In 2005, I met Chen Guangcheng, then a barely known, self-taught legal activist, for a story I was writing on his advocacy on behalf of women who had been forced to undergo abortions or sterilizations by officials in Shandong’s Linyi city. Such local punitive measures in fact contravened national regulations on the application of China’s so-called one-child policy, but officials in Linyi were worried that their promotions would be compromised because of a high number of extra births in their region. With Chen’s help, I met several local women from Linyi, including one who said local doctors strapped her down and shoved a poison-filled needle into her abdomen two days before her due date, killing the baby. “Someone has to fight for people with no voice,” Chen told me. “I guess that person is me.”
But just a few hours after our last meeting in Beijing in 2005, local security from Shandong showed up in the Chinese capital, hustled Chen into an unmarked vehicle and took him back home. Since then, he has been in detention, either in jail or under house arrest, along with his wife and child. In 2006, he was sentenced to more than four years in jail on seemingly trumped-up charges of “damaging property and organizing a mob to disturb traffic.” Upon his release, Chen was forced into house arrest, along with his wife and daughter. At times, dozens of security officials and local thugs have guarded his home, which remains inaccessible to visiting advocates and local and foreign media.
During one of our meetings in Shanghai and Beijing, Chen described how he had evaded local security who were already guarding his home and trying to prevent him from leaving in the late summer of 2005. Because he was blind, he said, he decided to escape at night when those guarding him would be at a disadvantage. Sneaking into a nearby cornfield with a family member, he began throwing gravel in different directions to confuse the security personnel who were trying to follow him. “The night gives me an advantage,” Chen said. “I can navigate better than people with sight can.” After walking for kilometers and meeting up with a friend, Chen was able to drive to safety and eventually turn up in Shanghai and later Beijing, where he tried to meet with national family-planning officials to tell them about the abuses in Linyi.

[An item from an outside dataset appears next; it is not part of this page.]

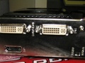 De aansluitingen, met 2x DVI en 1x Displayport, en een turboknopje waarover later meer.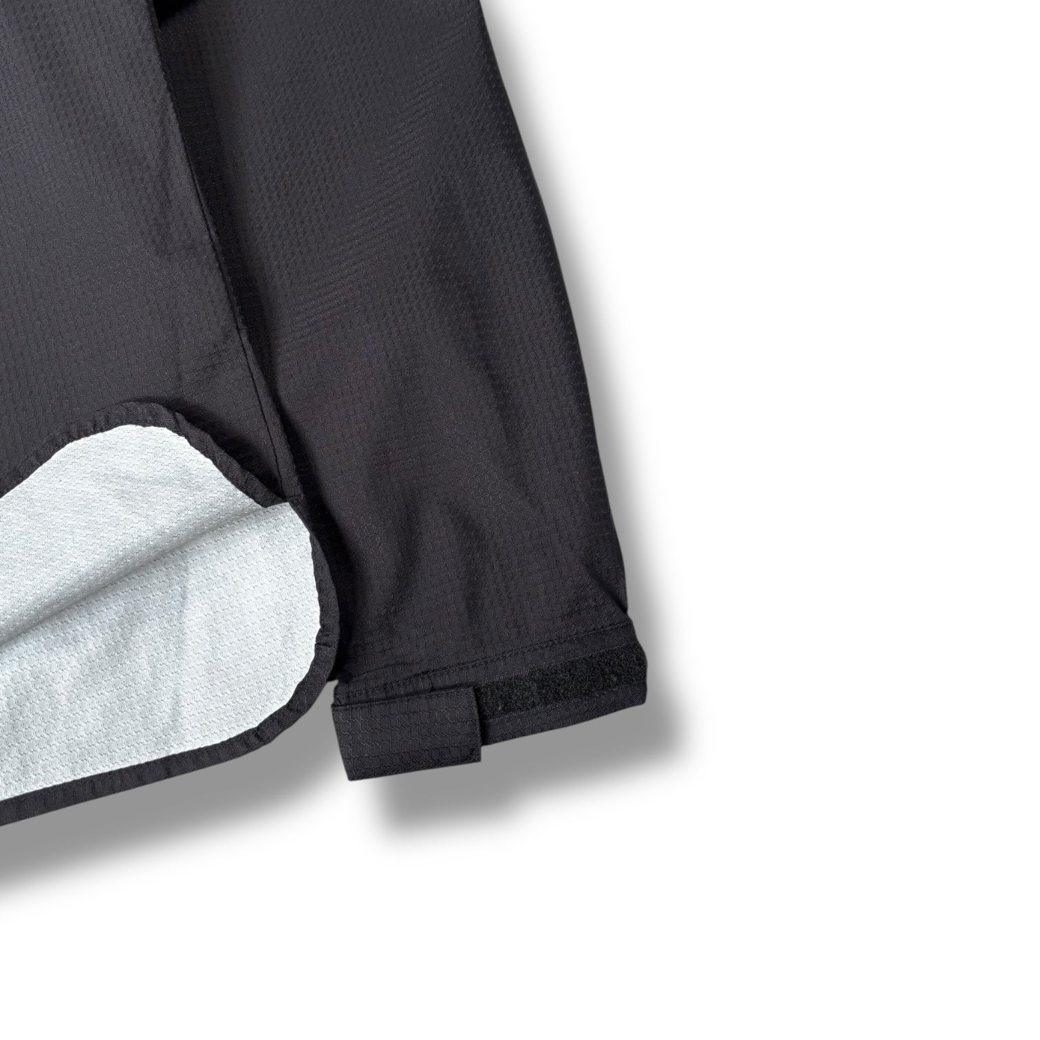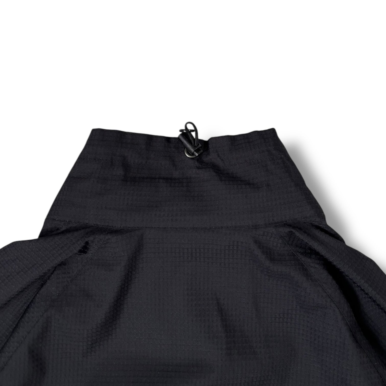 Black colourway with a subtle ripstop texture throughout the shell, this piece features a full zip front and stand-up collar with integrated adjustable toggle at the back. Twin zippered chest pockets, each finished with branded pull tabs. The interior is lined with a lightweight mesh for ventilation, while hook-and-loop adjustable cuffs. Additional detailing includes a vented back yoke with a hidden mesh panel and inner storm flap.

On Friday afternoon, a 15-minute video was uploaded on YouTube, which is blocked in China, showing Chen in an undisclosed location, reportedly after he fled house arrest. “I’m here to confirm that everything on the Internet and the accusation about Linyi’s atrocities committed against me are all true,” he said. “What actually happened was worse than what people have talked about online.” In the video, Chen went on to directly ask China’s Premier Wen Jiabao, who has emerged as a relatively reformist voice within the country’s central leadership, to personally intervene in his case. Describing the multiple beatings he and his wife sustained, Chen demanded: “You have to find out and punish the person according to the law. Matters like this are too detrimental to the Communist Party’s image.” The blind advocate, who was filmed wearing aviator sunglasses, also listed the names of some of the local officials he accused of persecuting him and his family. Finally, he pleaded on behalf of his relatives who are still back in Linyi’s Dongshigu village. “Even though I managed to escape, my family are still in their hands,” he said. “My family may face crazy revenge from them. I’m asking the Chinese government to secure the security of my family. If anything happens to them, I will never give up on pursuing whoever is responsible.”